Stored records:
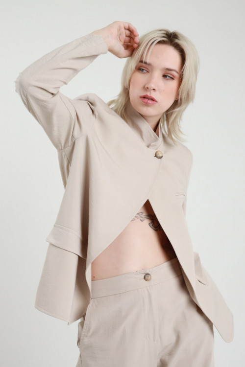 Übergroße Jacke aus Stretch-Baumwolle mit Seitenbändern. 98 % CO 2 % Stück
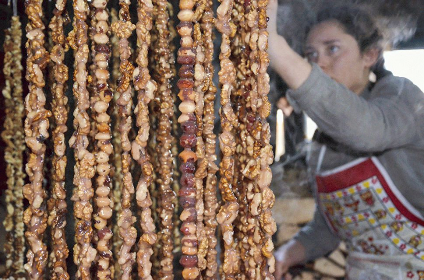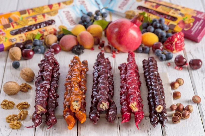 Чурчхела – рецепт национальной грузинской кухни, это сладость приготовляемая из орехов (грецкого, фундука или миндаля) и виноградного сока, доведённого в результате специального приготовления до киселеобразного состояния (называемого татара) и затем густеющего на орехах.
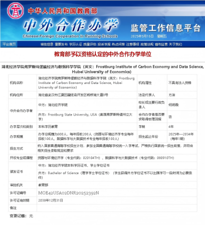 本网讯 日前,教育部公布了予以资格认定的中外合作办学单位,我校与美国弗罗斯特堡州立大学合作设立的ALLWINCITY万象城弗罗斯特堡碳经济与数据科学学院(英文:Frostburg Institute of Carbon Economy and Data Science, Hubei University of Economics)位列其中。
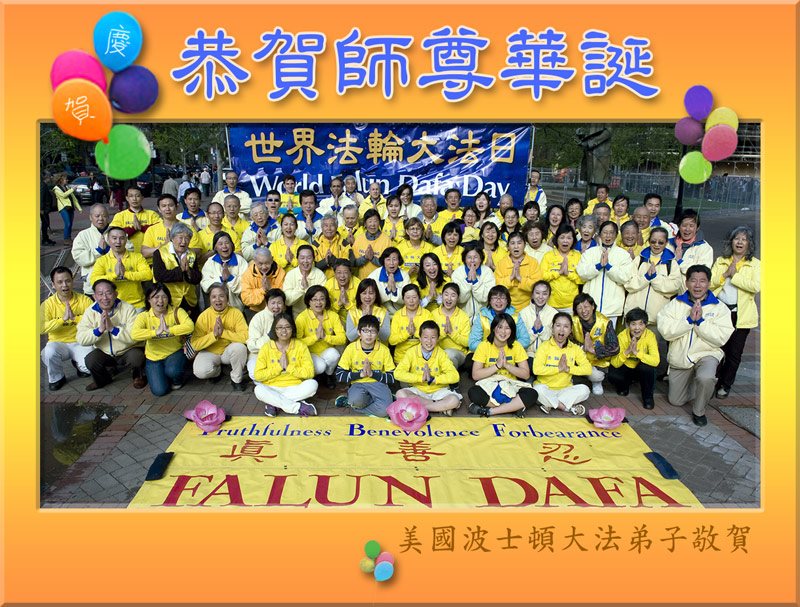 美国波士顿大法弟子恭贺师尊华诞暨世界法轮大法日!
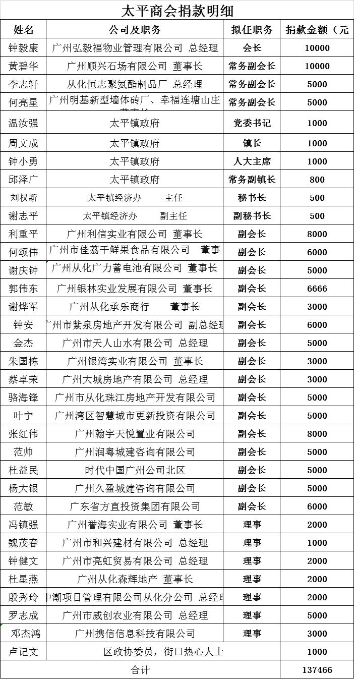 在疫情防控中,从化区人大代表、太平镇商会会长、太平镇弘毅物业管理有限公司总经理钟毅康充分发挥党员的先锋模范作用,捐资10000元,同时倡议党支部党员和商会会员进行募捐。太平商会1月31日向从化区慈善会捐资55000元,截至2月13日,共募捐资金137466元供太平镇政府购买口罩、体温枪等防疫物资及相关防疫工作使用。另外,商会会员向各村捐资捐物支援防疫工作,合计金额80800元、84消毒液108桶、洗手液29箱、口罩74200只、75%酒精2030瓶。

> _Work required_:
From the first line to the last, copy the records exactly and skip the pictures.

> _Result of the task_:
 Übergroße Jacke aus Stretch-Baumwolle mit Seitenbändern. 98 % CO 2 % Stück
 Чурчхела – рецепт национальной грузинской кухни, это сладость приготовляемая из орехов (грецкого, фундука или миндаля) и виноградного сока, доведённого в результате специального приготовления до киселеобразного состояния (называемого татара) и затем густеющего на орехах.
 本网讯 日前,教育部公布了予以资格认定的中外合作办学单位,我校与美国弗罗斯特堡州立大学合作设立的ALLWINCITY万象城弗罗斯特堡碳经济与数据科学学院(英文:Frostburg Institute of Carbon Economy and Data Science, Hubei University of Economics)位列其中。
 美国波士顿大法弟子恭贺师尊华诞暨世界法轮大法日!
 在疫情防控中,从化区人大代表、太平镇商会会长、太平镇弘毅物业管理有限公司总经理钟毅康充分发挥党员的先锋模范作用,捐资10000元,同时倡议党支部党员和商会会员进行募捐。太平商会1月31日向从化区慈善会捐资55000元,截至2月13日,共募捐资金137466元供太平镇政府购买口罩、体温枪等防疫物资及相关防疫工作使用。另外,商会会员向各村捐资捐物支援防疫工作,合计金额80800元、84消毒液108桶、洗手液29箱、口罩74200只、75%酒精2030瓶。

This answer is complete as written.